Show that $\binom{n}{r}=\binom{n}{n-r}$ by using the Binomial Formula Problem: Use the Binomial Formula to show that if $n$ and $r$ are integers with $0 \leq r \leq n$, then $\binom{n}{r}=\binom{n}{n-r}$.
My attempt: I am using the general binomial expansion formula to establish the following.
$(n+r)^{n}=n^{n}+nn^{n-1}r + ...$
But am not sure where to go from here. Should I do a proof by induction with base case $n=0$?  I have a feeling induction is not necessary and this problem is easier than I think...
Edit: This question is different than the proposed duplicate because the "duplicate" does not use the binomial theorem method, which I must use. It uses a different method.
 A: Hint:
The polynomials $(x+y)^n$ and $(y+x)^n$ are the same. Expand and equal their coefficients.
Full answer:
The polynomials $(x+y)^n$ and $(y+x)^n$ are equal.
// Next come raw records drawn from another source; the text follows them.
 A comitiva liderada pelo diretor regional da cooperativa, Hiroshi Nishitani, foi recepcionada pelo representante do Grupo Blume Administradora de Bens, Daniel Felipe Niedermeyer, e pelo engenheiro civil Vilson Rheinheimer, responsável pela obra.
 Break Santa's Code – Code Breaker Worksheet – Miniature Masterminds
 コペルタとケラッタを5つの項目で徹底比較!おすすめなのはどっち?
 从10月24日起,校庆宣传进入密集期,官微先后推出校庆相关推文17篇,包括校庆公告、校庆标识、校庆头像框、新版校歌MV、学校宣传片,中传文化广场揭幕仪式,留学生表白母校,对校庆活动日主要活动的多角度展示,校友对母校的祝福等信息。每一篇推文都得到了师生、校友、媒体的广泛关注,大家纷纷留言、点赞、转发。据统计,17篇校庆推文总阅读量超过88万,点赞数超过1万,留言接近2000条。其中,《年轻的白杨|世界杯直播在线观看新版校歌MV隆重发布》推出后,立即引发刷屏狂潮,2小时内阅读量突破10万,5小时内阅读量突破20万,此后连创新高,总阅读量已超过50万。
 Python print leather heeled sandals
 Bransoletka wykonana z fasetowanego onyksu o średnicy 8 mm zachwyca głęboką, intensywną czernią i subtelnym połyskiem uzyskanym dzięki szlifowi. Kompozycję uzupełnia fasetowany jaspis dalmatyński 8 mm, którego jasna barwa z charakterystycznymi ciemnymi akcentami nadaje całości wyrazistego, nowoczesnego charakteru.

If we apply the Binomial Formula to both of them, we obtain
$$\sum_{k=0}^n\binom nk x^ky^{n-k}=\sum_{j=0}^n\binom nj y^jx^{n-j}$$
Fix a degree $r$ for the variable $y$. The term that has this degree in the LHS is
$$\binom n {n-r}x^{n-r}y^r$$
and in RHS we find
$$\binom nr y^rx^{n-r}$$
This implies $$\binom nr=\binom n{n-r}$$
A: In the binomial expansion of $(x+a)^n $, multiplying together $n $ factors, $(x+a_1), (x+a_2), \cdots (x+a_n) $, the indices of the factors of each term added together equals  $n $. The coefficient of the term $x^r $ consists of terms $a_1, a_2, \cdots $ such that the sum of indices in each term is $n-r$, and since there is no reason why one combination of these letters should occur more than another, it will consist of all terms satisfying the condition that sum of indices equals $n-r $.
If all $a_i$'s are equal, then each of the mentioned terms becomes $a^{n-r} $, and the number of them will be $\binom{n}{n-r} $, since it is obvious that this is the number of ways we can form $n $ letter combinations of the type described. 
Hence in $(x+a)^n $, the term involving $x^r$ is $\binom {n}{n-r}x^ra^{n-r} $ or $\binom {n}{r} x^ra^{n-r} $. Hope it helps.